Santorum takes Mississippi, Alabama Romney wins Warren County
Published 11:30 am Wednesday, March 14, 2012
Despite a third-place finish statewide, Mitt Romney won Warren County in Tuesday’s presidential primary by scoring wins in traditional Republican territory.
Meanwhile, voting issues locally were a bare minimum in Warren, while turnout was testy for those wanting to vote Republican in Claiborne County.
The former Massachusetts governor won 1,637 votes to Rick Santorum’s 1,200, a margin buoyed by a 104-vote win in the Culkin precinct. Newt Gingrich took 1,198 votes countywide. Ron Paul had 195 votes to round out the list of candidates on Mississippi’s ballot who are actively campaigning.
Romney’s plurality in Warren County fit in with victories in several counties on the state’s western flank, in Hinds and in the populous GOP bastions of Rankin and Madison counties. Santorum built his narrow statewide victory in several northeast Mississippi counties and solid wins in DeSoto and Lauderdale counties.
President Barack Obama, unchallenged for renomination, received 2,757 votes from Warren County Democrats. Thirty-five write-in votes were recorded for president on the Democratic ballot, compared to three on the Republican side.
Turnout in Warren County was 23 percent, fairly high for a presidential primary but short of the 26 percent that turned out four years ago for Obama’s march to the nomination versus former Sen. Hillary Clinton. Including 254 absentees, 7,237 ballots were cast out of 31,227 registered. Republicans cast 4,292 ballots for president, while Democrats cast 2,951 in the contest.
U.S. Rep. Bennie Thompson breezed to another nod from Democrats to represent the 2nd Congressional District. He took 87 percent of the vote districtwide and 85 percent in Warren County, with 2,500 votes in the county’s 22 precincts to former Greenville mayor Heather McTeer’s 423. Thompson faces Republican Bill Marcy and independent Cobby Mondale Williams in November. Marcy lost to Thompson two years ago.
U.S. Sen. Roger Wicker scored a similarly easy win over opponents Allen Hathcock and Roger Maloney Tuesday, with 89 percent of the vote statewide and 91 percent in Warren County. He faces Albert N. Gore Jr., chair of the Oktibbeha County Democratic Party, who won 56 percent of the vote statewide and 62 percent in Warren County.
Warren County’s results came in quickly and smoothly compared to last year’s fall election, slowed by hand counts of absentee ballots and lengthy recount of the tax collector’s race. Nineteen of 22 precincts accumulated poll votes on electronic ballot cards before taking them to the courthouse. The same scanner that failed to read 68 affidavit ballots for tax collector ran flawlessly Tuesday when absentees were fed into it, which election adviser Donald Oakes chalked up to better-marked compared to the massive state and county-level election cycle.

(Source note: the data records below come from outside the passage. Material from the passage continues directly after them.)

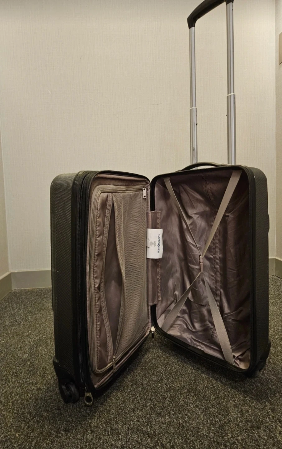 Selling a Samsonite hard shell carry-on suitcase in black. It's in great condition and ready for your next trip! Features include a retractable handle and interior straps to keep your belongings secure with 4 360-degree wheels.
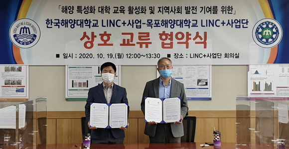 한국해양대학교 LINC+(링크플러스)사업단은 목포해양대학교 LINC+사업단과 해양특성화 대학 교육 활성화 및 지역사회 발전 기여를 위한 상호 교류 협약을 지난 19일 체결했다.
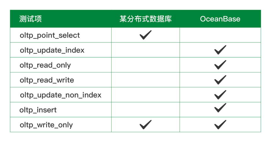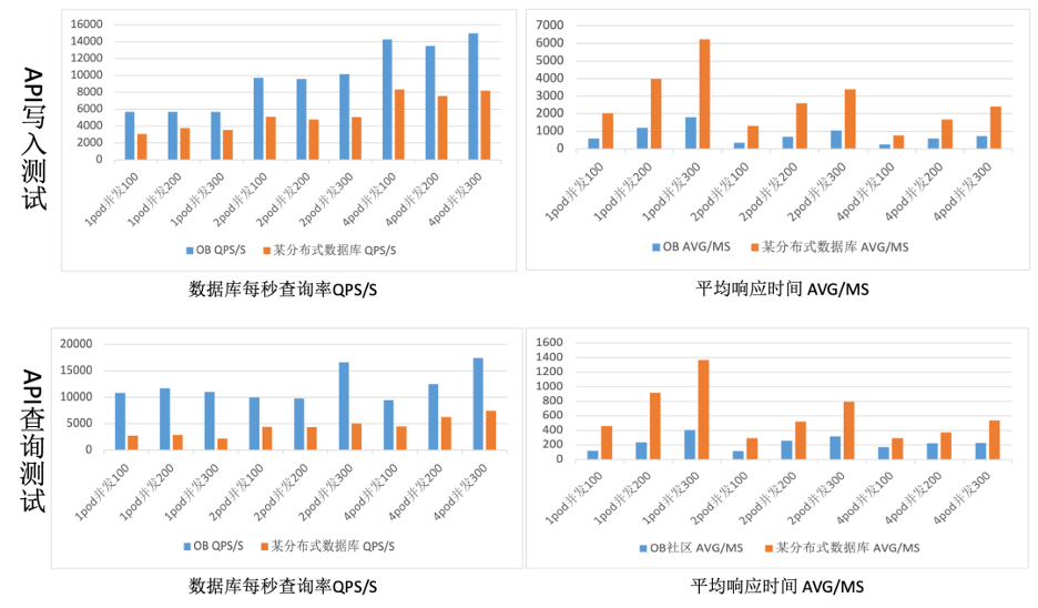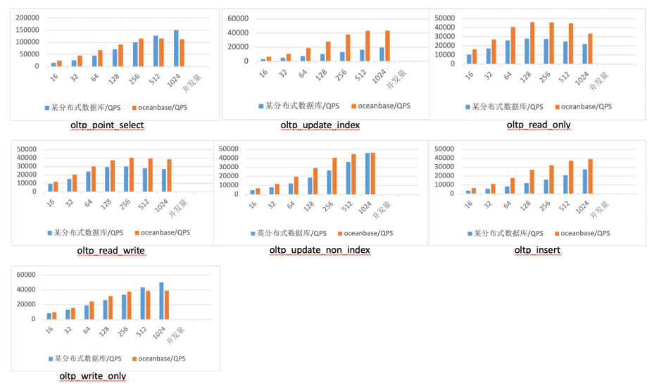 图6 OceanBase与某分布式数据库的性能测试结果对比
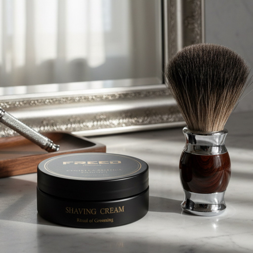 從刷尖沾水、起泡、覆面,到刮後肌膚留下的柔和膚觸,整體不只是刮鬍,更像一場帶有茶韻的修容程序。
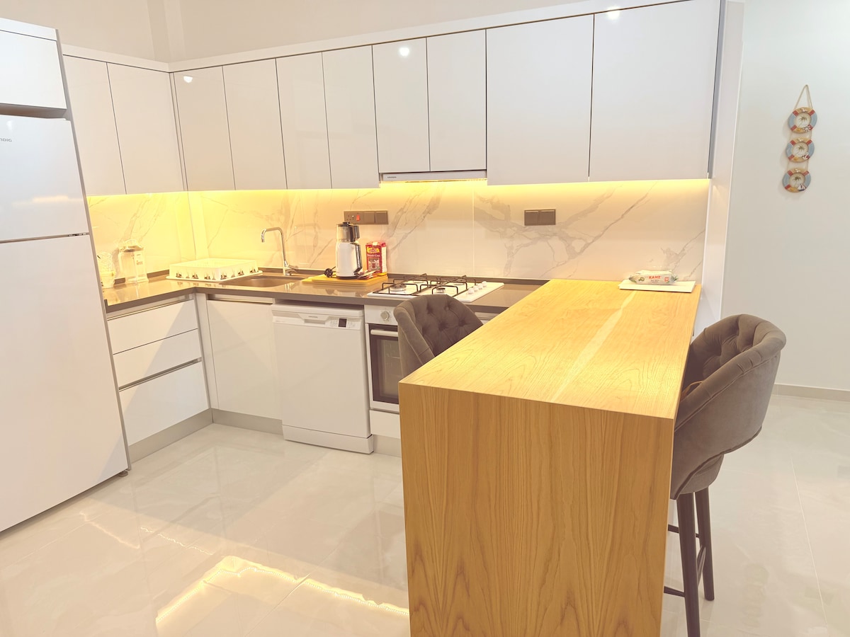 Penthouse nou-nouț, cu locație unică pe frumosul far cu piscină privată cu apă sărată pe terasa de pe acoperiș. Locație minunată pe malul mării în Esentepe, cu vedere la mare și la munte la 360 de grade și la 3 minute de mers pe jos de plaja Esentepe. Aici te poți bucura de zile leneșe într-un apartament mare de 110 metri pătrați cu 3 dormitoare și 2 băi. Terasă mare pe acoperiș cu piscină cu apă sărată, grătar și grătar cu priveliști minunate. Unitatea are o sală de gimnastică, hamam, saună și cinematograf . (nu a fost încă terminat)

“They’re not marked outside the lines,” he said. “(In the state election), there’s more opportunity for that.”
Of the 254 absentees cast, 117 were from Republicans, said Patty Mekus, who, in an ironic twist, spent the night counting absentee ballots alongside fellow GOP officials in the courthouse lobby. Mekus lost the tax collector’s race by 56 votes to Antonia Flaggs-Jones last November after more than a week recounting unscannable absentee ballots. On new election forms this year, each party chair in Mississippi must attest all absentee, emergency, affidavit, and any hand-counted ballots are put into the state election management database and signed forms emailed to the Secretary of State’s Office.

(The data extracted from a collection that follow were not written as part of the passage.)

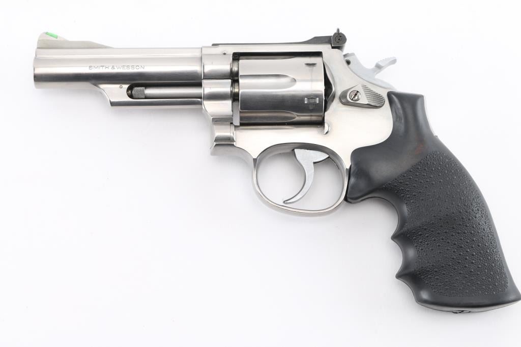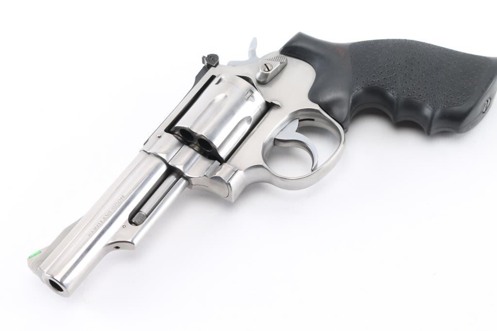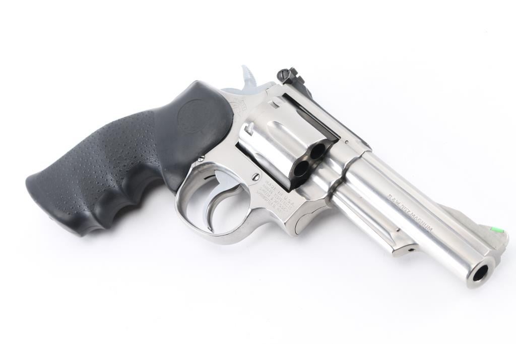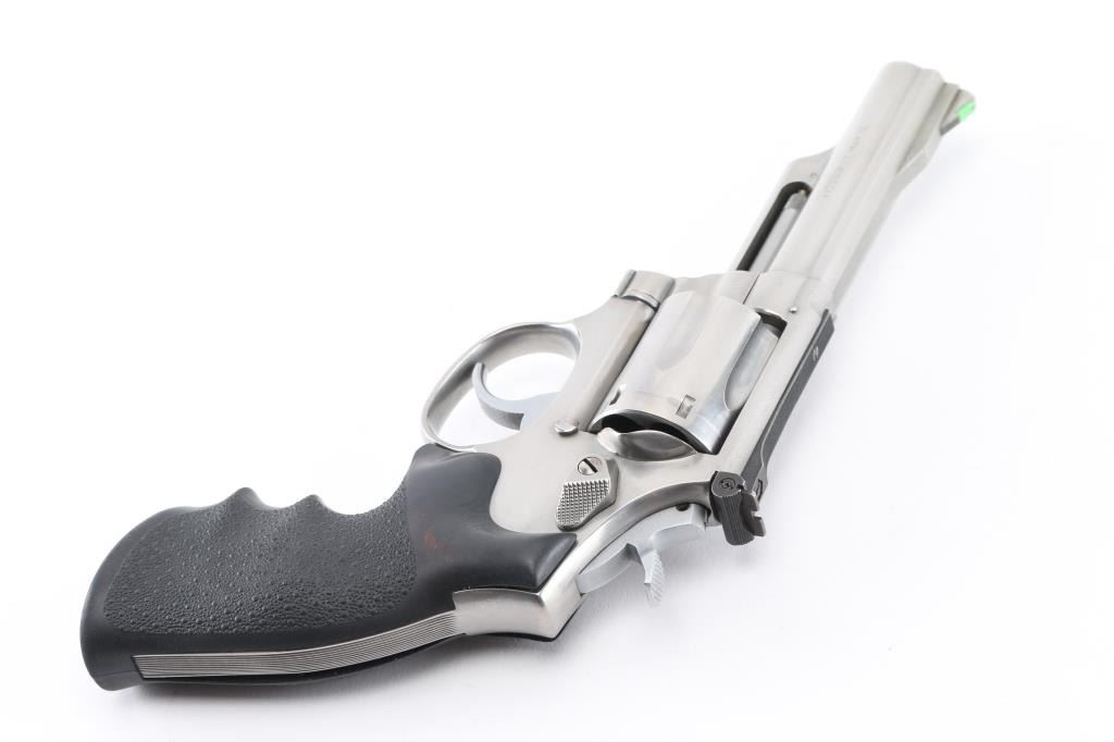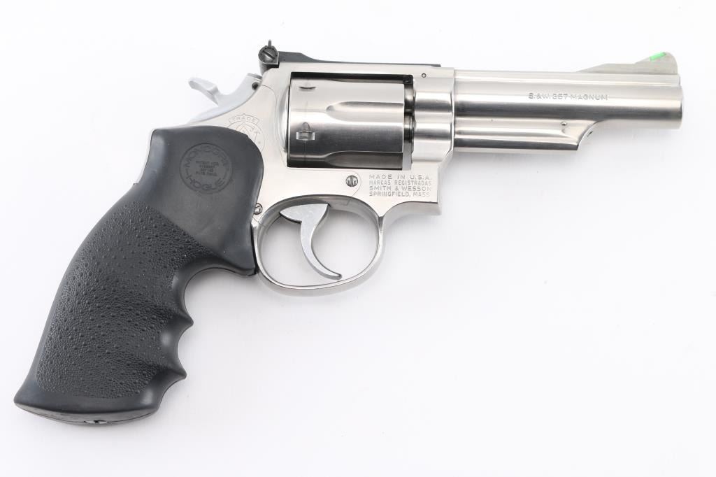 "Pinned and recessed" stainless steel double action six shot revolver chambered in .357 Magnum, 4" stainless steel partial serrated ribbed barrel with serrated ramp front sight with green insert and adjustable square-notched rear sight, stainless steel frame with smooth trigger, checkered hammer spur, side cylinder release button and shrouded extractor rod, serrated backstrap and square butt frame, black rubber Hogue Monogrip. Retains 99% of it's finish with hardly and signs of wear. Fluted cylinders and bore are excellent. Action is smooth and tight. Condition is NRA Excellent. Modern Firearm.
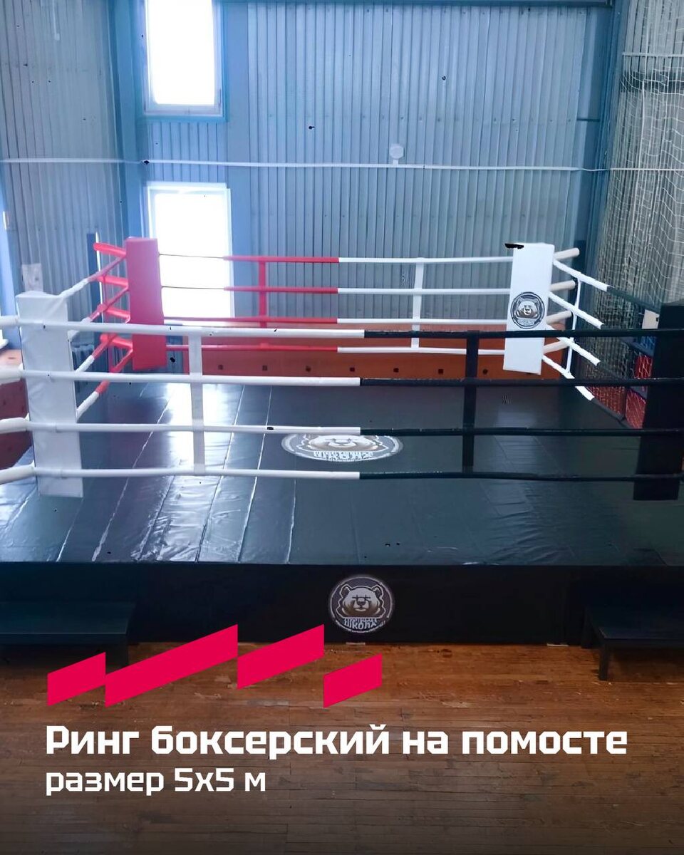 Производство ринга на помосте размер 5х5 м, боевая зона 4х4 м, помост 0,5 м с логотипами
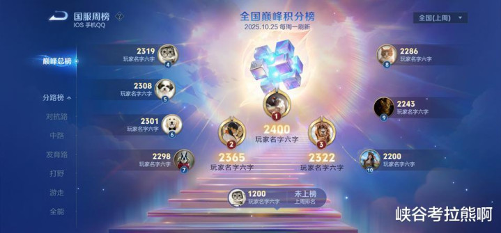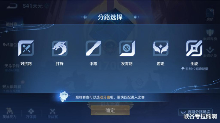 巅峰分路榜还会保留,并将细化为【解放分路模式】,即挣扎路、中路、发育路、游走、打野、万能6个子榜单,跨越1400分即可参与,数据会按照近期50场巅峰赛对局分来统计。若是50场对局中有某个分路场次跨越50%,就会参与该分路排名,若是莫得分路跨越50%,就会按照万能来排名。
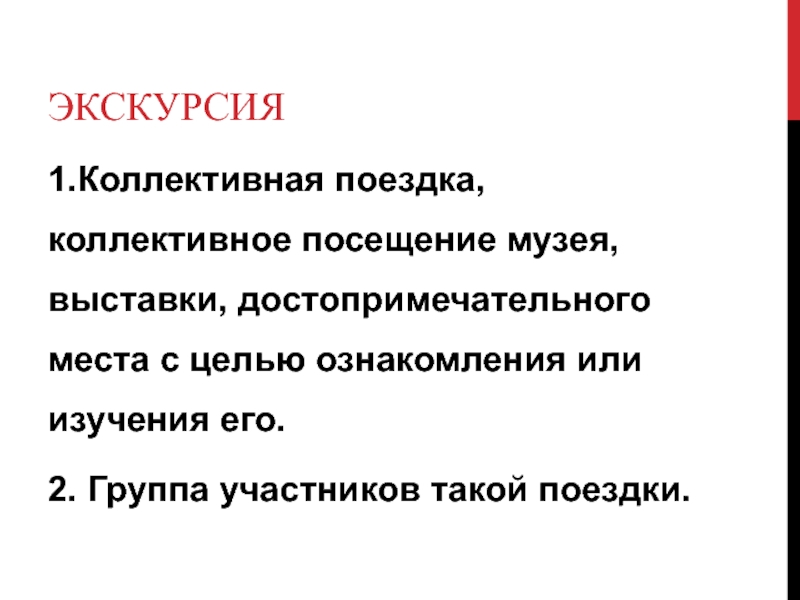 1.Коллективная поездка, коллективное посещение музея, выставки, достопримечательного места с целью ознакомления

In Claiborne County, Romney won 65 of 180 votes cast by Republicans — but not before the Mississippi Republican Party sent officials from its Jackson office to provide ballots.
Four precincts, including ones at the National Guard Armory and at the county’s multipurpose building, received ballots after pleas from the public and officials, said Kaitlyn Colson, the state party’s director of member relations. Colson said the snafu resulted from Claiborne’s Republican Party chairman Wilbur Harpole’s resignation this year.
When reached, Harpole said sparse turnout for the GOP in the heavily Democratic county is common and a lack of poll workers sped his departure.
“It’s real hard to keep poll workers here,” Harpole said.